Join our Slack community to learn more about unstructured dataset management using Deep Lake and to get help from the Activeloop team and other users.

We'd love your feedback by completing our 3-minute survey.

As always, thanks to our amazing contributors!

Made with contributors-img.

Please read CONTRIBUTING.md to get started with making contributions to Deep Lake.

README Badge

Using Deep Lake? Add a README badge to let everyone know:

deeplake

[![deeplake](https://img.shields.io/badge/powered%20by-Deep%20Lake%20-ff5a1f.svg)](https://github.com/activeloopai/deeplake)

Disclaimers

Dataset Licenses

Deep Lake users may have access to a variety of publicly available datasets. We do not host or distribute these datasets, vouch for their quality or fairness, or claim that you have a license to use the datasets. It is your responsibility to determine whether you have permission to use the datasets under their license.
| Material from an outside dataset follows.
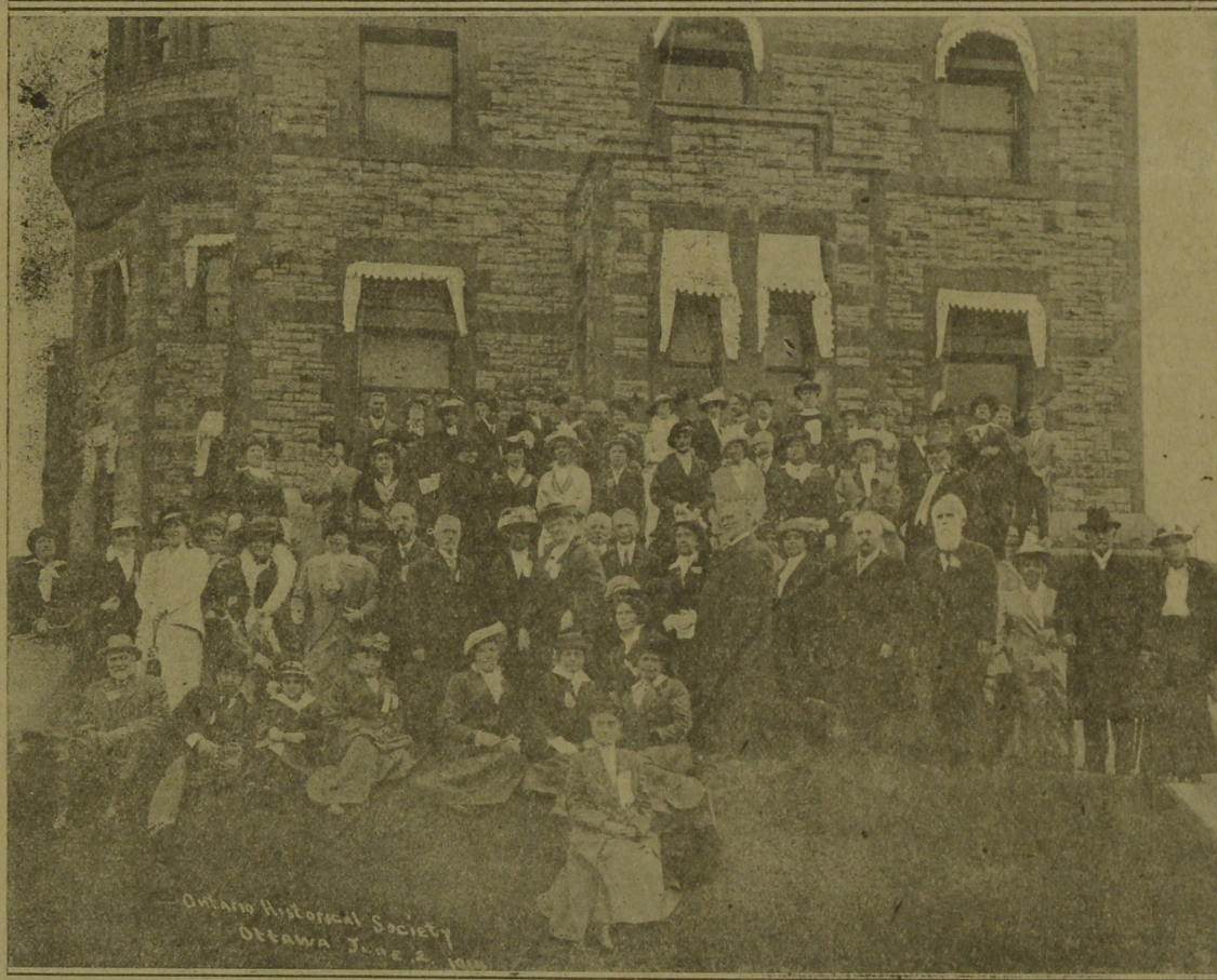
The Annual Convention of the Ontario Historical Society, Held at Ottawa, June 2nd.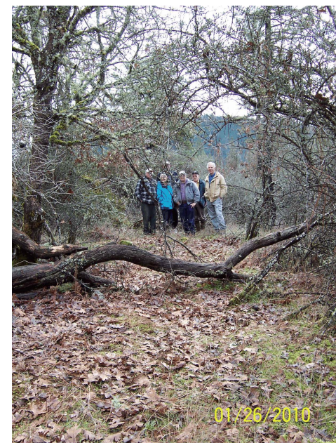
GLO SubCommittee Members With Warren Kendall (tan coat) At Road Trace & Vegetation Differential NW of JA-2

If you're a dataset owner and do not want your dataset to be included in this library, please get in touch through a GitHub issue. Thank you for your contribution to the ML community!

Usage Tracking

By default, we collect usage data using Bugout (here's the code that does it). It does not collect user data other than anonymized IP address data, and it only logs the Deep Lake library's own actions. This helps our team understand how the tool is used and how to build features that matter to you! After you register with Activeloop, data is no longer anonymous. You can always opt-out of reporting using the CLI command below, or by setting an environmental variable BUGGER_OFF to True:

activeloop reporting --off

Citation

If you use Deep Lake in your research, please cite Activeloop using:

@article{deeplake,
  doi = {10.48550/ARXIV.2209.10785},
  url = {https://arxiv.org/abs/2209.10785},
  author = {Hambardzumyan, Sasun and Tuli, Abhinav and Ghukasyan, Levon and Rahman, Fariz and Topchyan, Hrant and Isayan, David and Harutyunyan, Mikayel and Hakobyan, Tatevik and Stranic, Ivo and Buniatyan, Davit},
  title = {Deep Lake: a Lakehouse for Deep Learning},
  publisher = {arXiv},
  year = {2022},
}

Acknowledgment

This technology was inspired by our research work at Princeton University. We would like to thank William Silversmith @SeungLab for his awesome cloud-volume tool.